Input and Output Knowledge

Input knowledge required to understand this message: The reader must know that /tmp/torchinductor_root/ is PyTorch's default compilation cache directory for torch.compile (TorchInductor). They must understand that torch.compile generates optimized Triton kernels and caches them to avoid re-compilation on subsequent runs. They must know that a 353 MB cache with thousands of files is typical for a multi-GPU training pipeline with complex attention mechanisms, while a 925 KB cache with 6 files represents only a minimal compilation.

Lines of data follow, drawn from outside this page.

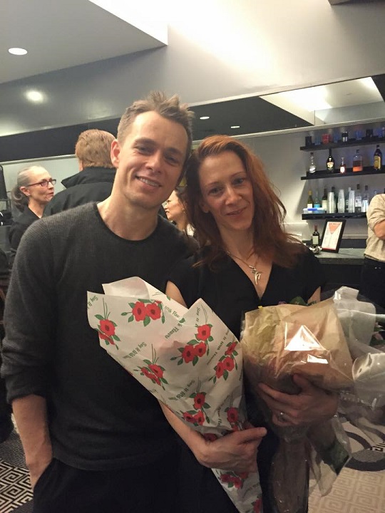 Afterglow: Tadej Brdnik and Blakeley White-McGuire basking in the affectionate admiration of friends and fans after the performance. Photo courtesy of Karen Brounstein.
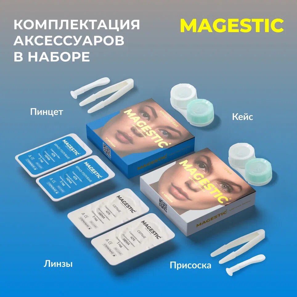 Цветные графитовые + голубые контактные линзы для глаз MAGESTIC 2 пары, 12 месяцев, 0.00, диаметр 14,2 мм, кривизна 8,6 мм
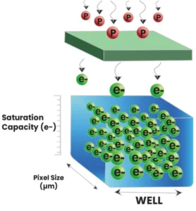 The electrons generated from photons during exposure are collected in the wells (Figure 1). The maximum number of electrons the pixel can hold is determined by the full well capacity/saturation capacity. The bigger the pixel, the higher the saturation capacity. This also characterises the sensor’s dynamic range. If the generated charge exceeds the full capacity of a pixel during the exposure time, the extra charges tend to flow to the neighbouring pixels. This results in blooming.

They must also understand the preceding context: the FX tracing race condition, the warmup script that just ran, and the history of the cache being deleted.

Output knowledge created by this message: The message produces a concrete, quantified assessment of the warmup's effectiveness. It establishes that the warmup produced only 925 KB of compiled kernels — a number that, when compared to the known 353 MB working cache, signals that the warmup approach is insufficient. This knowledge informs the next decision point: proceed with training anyway and observe the crash, or recognize the insufficiency and design a more comprehensive warmup strategy. The message also documents the state of the cache at a specific point in time, creating an audit trail for future debugging.

Conclusion

Message <msg id=9924> is a masterclass in diagnostic minimalism. In two Unix commands and six lines of output, it encapsulates the failure of an entire recovery strategy. The 925 KB compile cache stands in silent judgment of the warmup approach — a number so small relative to the 353 MB baseline that it immediately signals something is wrong. Yet the message itself contains no analysis, no commentary, no conclusion. It is pure data, presented without interpretation. The assistant trusts the reader (and itself) to draw the right inference.

This is the mark of a mature debugging practice: measure what matters, present the numbers plainly, and let the data speak. The 925 KB cache check is not the solution to the FX tracing race condition — but it is the diagnostic that forces the assistant to recognize that the warmup strategy, however well-executed, has not addressed the root cause. The race condition remains, and a deeper fix — perhaps a code-level synchronization mechanism for per-device compilation — will be required.